» **Directions for this task**: In the listing below, the lines starting with the line with "Um cuidador de" and going on through the line with "L’édifice lui-même est" are to be reproduced exactly, and only those.

» **The records**:
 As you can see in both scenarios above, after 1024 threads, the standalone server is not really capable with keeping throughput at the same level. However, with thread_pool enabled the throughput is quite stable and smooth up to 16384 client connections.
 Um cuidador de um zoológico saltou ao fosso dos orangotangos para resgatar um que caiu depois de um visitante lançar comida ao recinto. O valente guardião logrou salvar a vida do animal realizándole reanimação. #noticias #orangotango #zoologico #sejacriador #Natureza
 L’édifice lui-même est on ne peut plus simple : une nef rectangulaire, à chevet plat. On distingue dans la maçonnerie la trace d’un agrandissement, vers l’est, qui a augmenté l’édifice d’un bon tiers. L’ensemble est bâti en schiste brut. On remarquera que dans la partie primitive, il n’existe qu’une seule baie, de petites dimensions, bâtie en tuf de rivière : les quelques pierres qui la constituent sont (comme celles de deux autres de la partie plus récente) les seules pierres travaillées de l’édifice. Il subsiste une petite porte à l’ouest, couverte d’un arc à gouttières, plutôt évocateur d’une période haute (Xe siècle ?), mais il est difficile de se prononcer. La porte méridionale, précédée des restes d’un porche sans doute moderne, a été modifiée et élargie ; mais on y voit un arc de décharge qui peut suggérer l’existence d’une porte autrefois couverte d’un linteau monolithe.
* * *
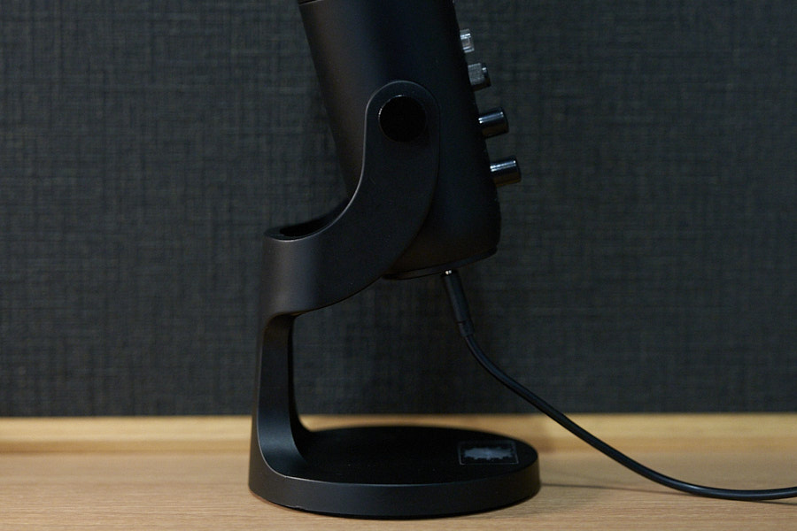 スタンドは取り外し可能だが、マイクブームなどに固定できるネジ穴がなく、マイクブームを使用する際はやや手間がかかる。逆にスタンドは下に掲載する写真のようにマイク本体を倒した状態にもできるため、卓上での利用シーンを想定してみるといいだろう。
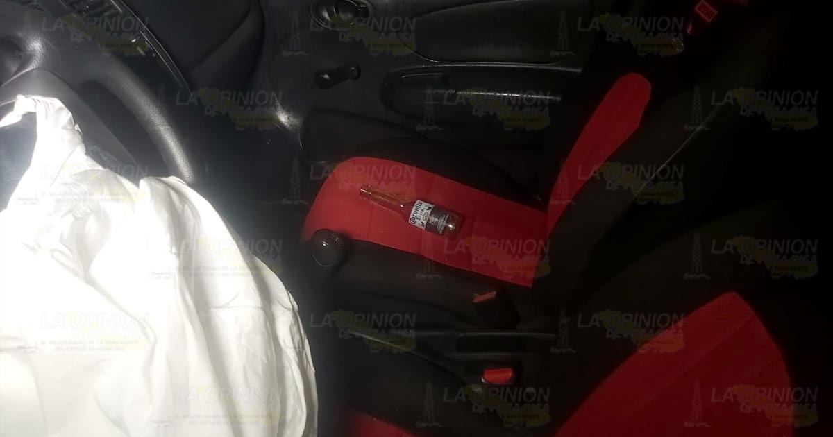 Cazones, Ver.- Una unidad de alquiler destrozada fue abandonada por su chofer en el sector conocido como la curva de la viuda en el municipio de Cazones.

» **Reply**:
 Um cuidador de um zoológico saltou ao fosso dos orangotangos para resgatar um que caiu depois de um visitante lançar comida ao recinto. O valente guardião logrou salvar a vida do animal realizándole reanimação. #noticias #orangotango #zoologico #sejacriador #Natureza
 L’édifice lui-même est on ne peut plus simple : une nef rectangulaire, à chevet plat. On distingue dans la maçonnerie la trace d’un agrandissement, vers l’est, qui a augmenté l’édifice d’un bon tiers. L’ensemble est bâti en schiste brut. On remarquera que dans la partie primitive, il n’existe qu’une seule baie, de petites dimensions, bâtie en tuf de rivière : les quelques pierres qui la constituent sont (comme celles de deux autres de la partie plus récente) les seules pierres travaillées de l’édifice. Il subsiste une petite porte à l’ouest, couverte d’un arc à gouttières, plutôt évocateur d’une période haute (Xe siècle ?), mais il est difficile de se prononcer. La porte méridionale, précédée des restes d’un porche sans doute moderne, a été modifiée et élargie ; mais on y voit un arc de décharge qui peut suggérer l’existence d’une porte autrefois couverte d’un linteau monolithe.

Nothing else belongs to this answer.